Sites were found in Derby Road for two new schools adjoining each other, one for boys and a smaller one for girls. (These buildings are now the Central Primary School.)

The school is located about 1 km west of Watford town centre, just to the south of Watford tube station and Cassiobury Park. The 120 m long neo-Georgian main block and the adjacent Master's House are Grade II listed buildings. The school was used as a location for many of the external and internal shots in the filming of The History Boys.

In recent years the school has built a gym, a music block (also partly owned by Hertfordshire School of Music) and a Sixth Form centre with a food technology lab, financed through fundraising and the sale of land on the northern edge of the grounds for residential development. The school's music block, the "Clarendon Muse", stands on the front lawn of the school. The building was completed in December 2007 at the cost of £5 million, and has approximately 2000 m2 of space spread out over four floors. It is also used by the Hertfordshire School of Music in the evenings and weekends.

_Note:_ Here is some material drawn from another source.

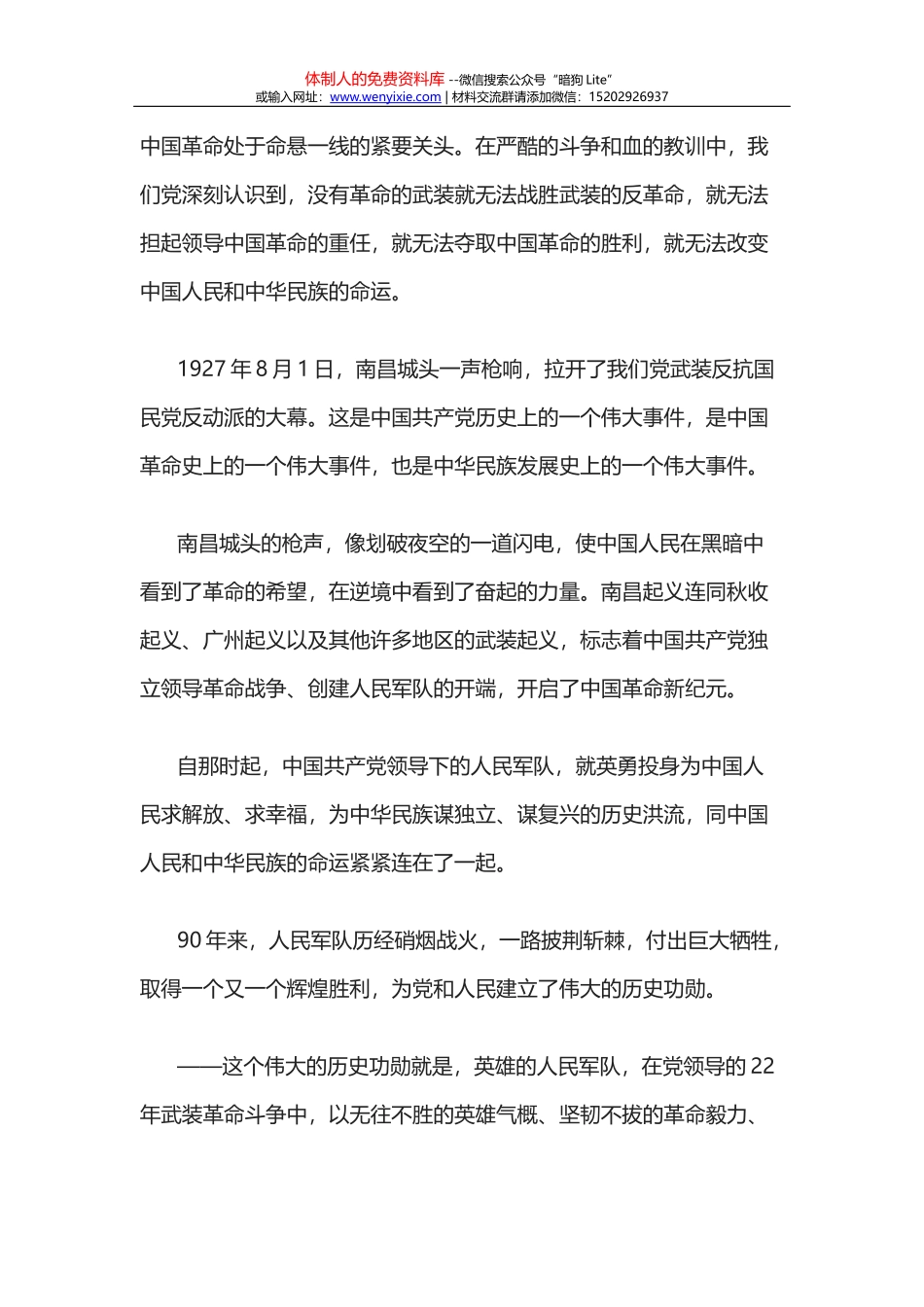 体制人的免费资料库 --微信搜索公众号“暗狗 Lite”或输入网址:www.wenyixie.com | 材料交流群请添加微信:15202926937在庆祝中国人民解放军建军 90 周年大会上的讲话(2017 年 8 月 1 日)习近平同...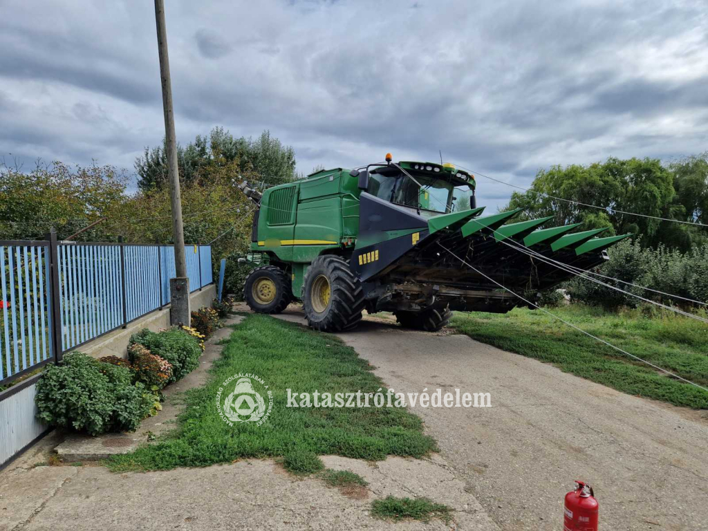 Elektromos légvezetékbe akadt egy kombájn, amely a vezetéket tartó betonoszlopnak ütközött Szamosszegen, a Laczfi Nádor utcában. – közölte a Szabolcs-Szatmár-Bereg Vármegyei Katasztrófavédelmi Igazgatóság.

The school's new STEM Centre for the teaching of science, technology, engineering and maths was completed in November 2017 and opened by Lord Winston, before dismantled by the students, equipment was sourced from the technology block. Funding was providing by national and local government and parental donations supported the fittings and fixtures of the building.

Many sports are played at the New Field (shared with the Old Boys sports clubs) beside the Grand Union Canal near Cassiobury Park.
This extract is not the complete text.